ENRICHING HUMAN CAPITAL WITH MORE FOREIGN TALENT

■ High-skilled workers from foreign countries can help address current and future skill shortages.

● Expand the Talent Boost Programme and turn project-based measures with positive results into more stable and permanent allocations with a robust monitoring and evaluation framework.

■ A lack of language proficiency remains a major obstacle to attraction and integration of foreign talent. While English as a working language is prevalent in some sectors like ICT and green industries, there is potential to use it more in companies with employees from mixed backgrounds.

● Encourage firms to adopt flexible language policies in the workplace.

■ Foreign students lack professional networks and internship opportunities during their studies, which hampers their ability to find employment after graduation, contributing to their low retention rates.

● Provide more internship opportunities for foreign students, partnering with companies, educational institutions and municipalities.

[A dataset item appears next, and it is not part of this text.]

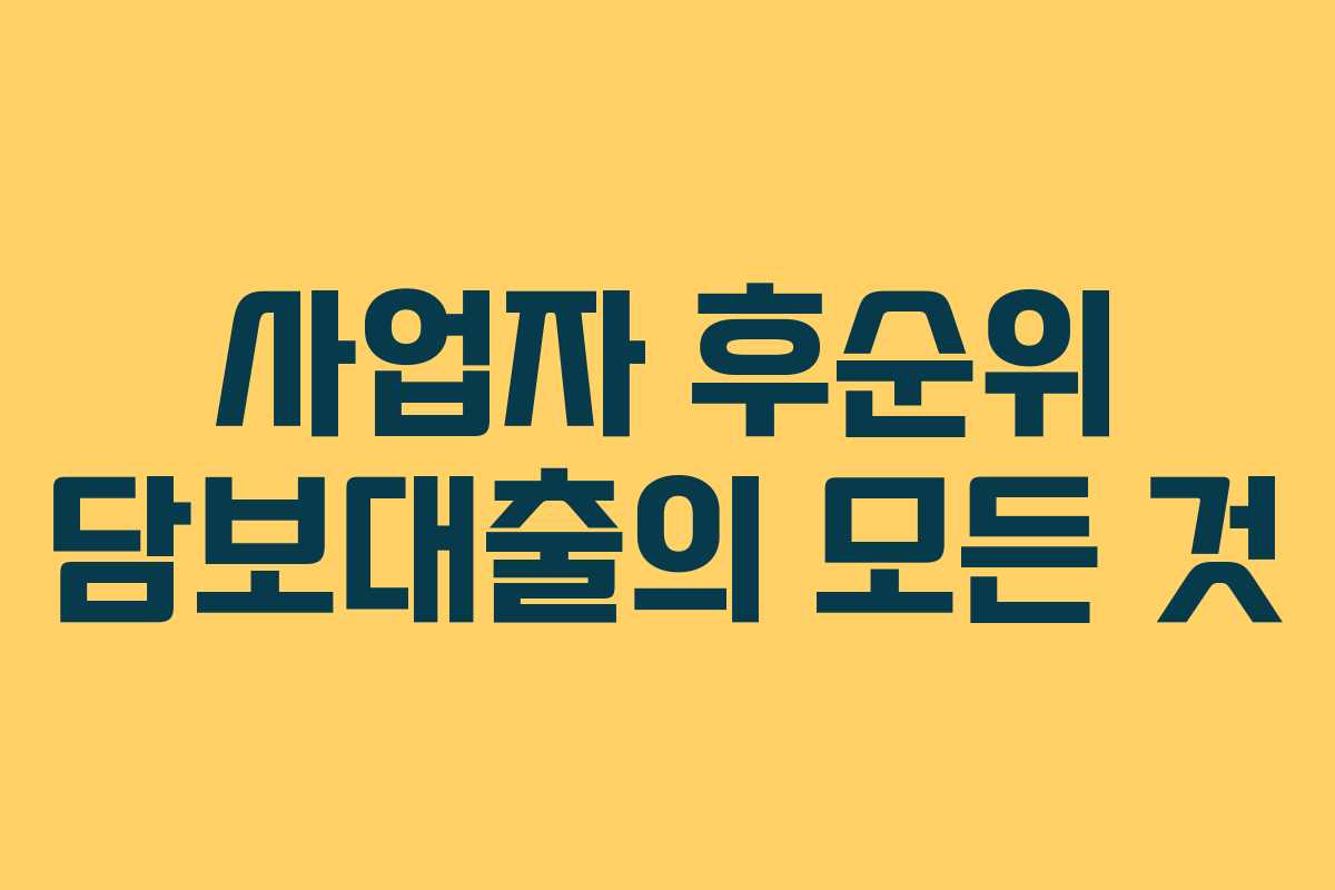 후순위 담보대출을 고려할 때는 여러 금융사의 조건을 비교하여 자신에게 가장 유리한 대출처를 선택하는 것이 중요합니다. 특히, 사업자의 조건에 맞춰 대출 가능성을 신중하게 검토해야 합니다.
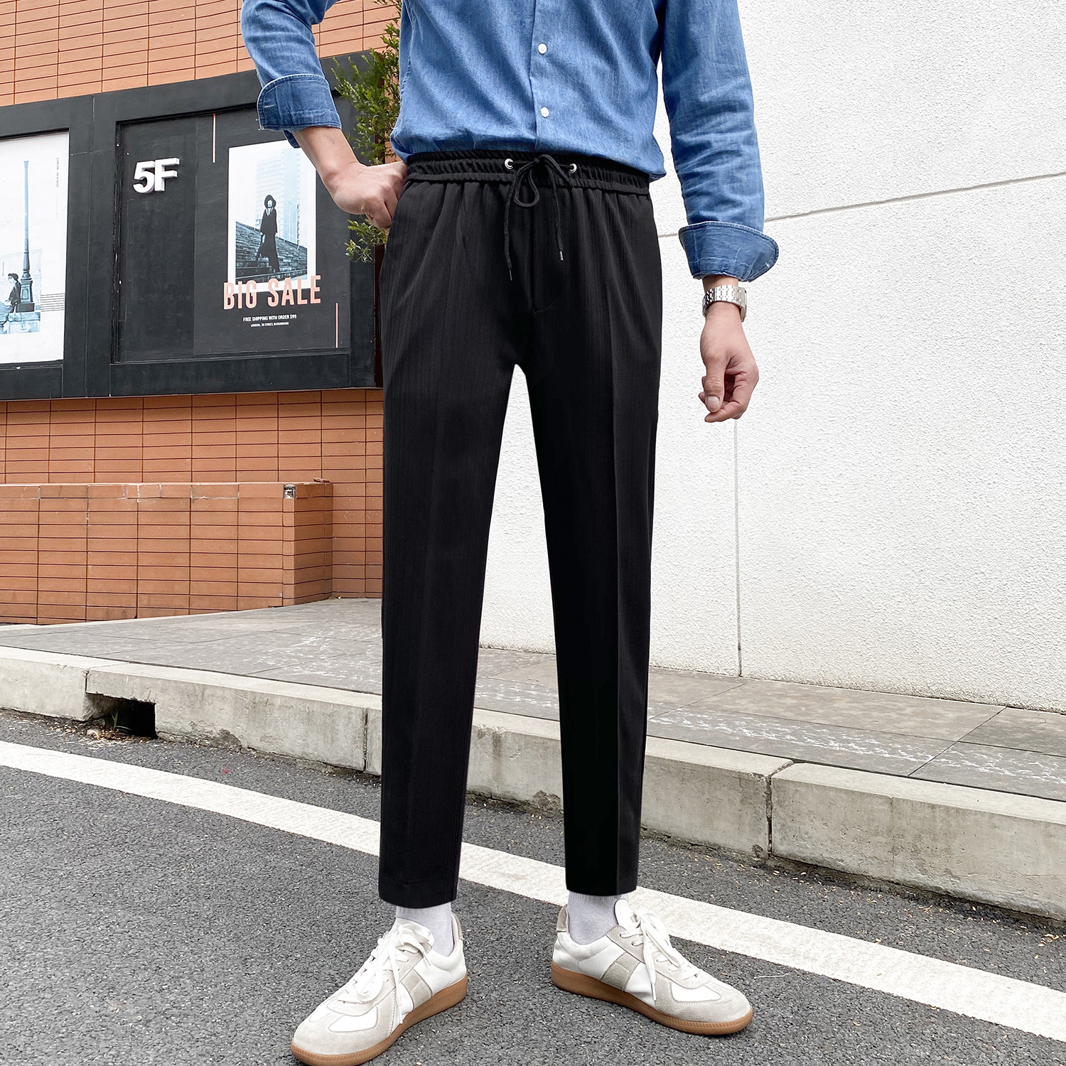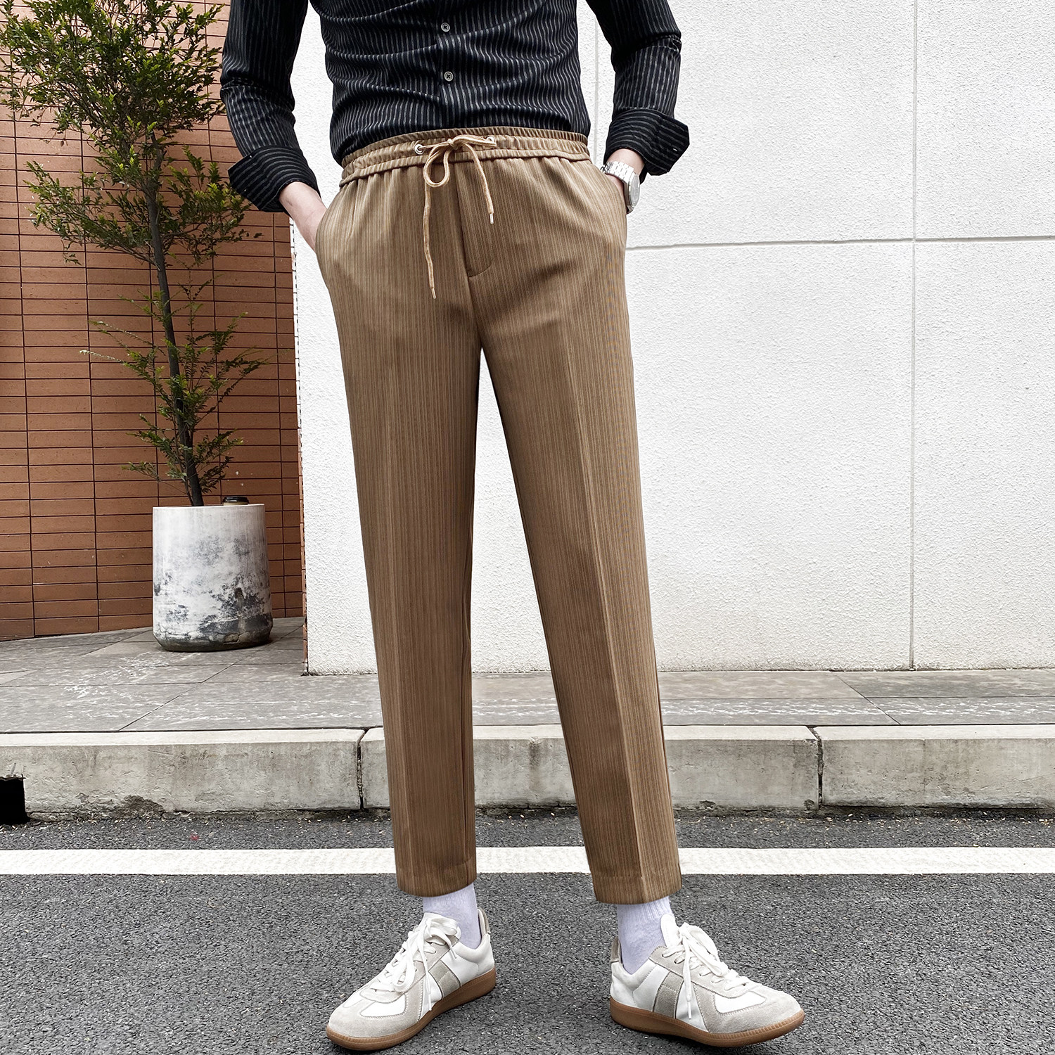 Мужские трендовые осенние штаны, в корейском стиле, свободный прямой крой, эластичная талия

■ MAIN FINDINGS | ● KEY RECOMMENDATIONS

ACCELERATING THE TRANSITION TO THE LOW-CARBON ECONOMY

■ With existing policies Finland will not meet its 2035 net zero greenhouse gas emissions target as LULUCF is a net emitter of GHG. Increasing forest growth is a long-run measure to increase LULUCF. Reducing emissions from soil is the fastest and cheapest way to reduce LULUCF emissions.

● To reduce LULUCF emissions, implement the Government’s forest growth package and reduce soil emissions. Prioritise public efforts on reducing GHG emissions from soil through subsidies, mobilising private funding and regulation.

■ Investment in low-emissions electricity, such as wind, solar and nuclear, has increased considerably but scaling it up further faces challenges and remains uncertain.

● Further streamline permitting processes, promote smart grid and energy storage solutions, enhance infrastructure security, and provide seed funds to crowd in private investment.

■ Investments in low-carbon technologies are impeded by inadequate or overly rigid emissions accounting methods, which do not recognise the emissions benefits over the product or process life cycle in carbon capture, methane cracking and rotor sails for shipping.

● While ensuring compliance with EU and international standards, review emissions accounting methods and move away from overly simple and rigid rules of thumb to account for actual emissions reduction over a product’s life cycle.

■ Development of low emissions industries such as the hydrogen industry is being hindered by uncertainty about supplier inputs (renewables electricity) and demand from users (e.g., green steel) which is in turn holding back the use of green hydrogen in decarbonising industries like steel production.

● Support low emissions industrial processes through stronger investment incentives by reducing risk via strategic public-private partnerships and providing seed capital, guarantees or tax incentives and making better use of EU funding, and systematically evaluate these interventions.

■ Land-use changes create pressure on biodiversity. Climate change adds to these pressures and calls for increased adaptation measures.

● Legislate final biodiversity goals laid out in the National Biodiversity Strategy and Action Plan and put biodiversity and adaptation including applying climate adapted planning for protecting areas on a more level footing with economic development.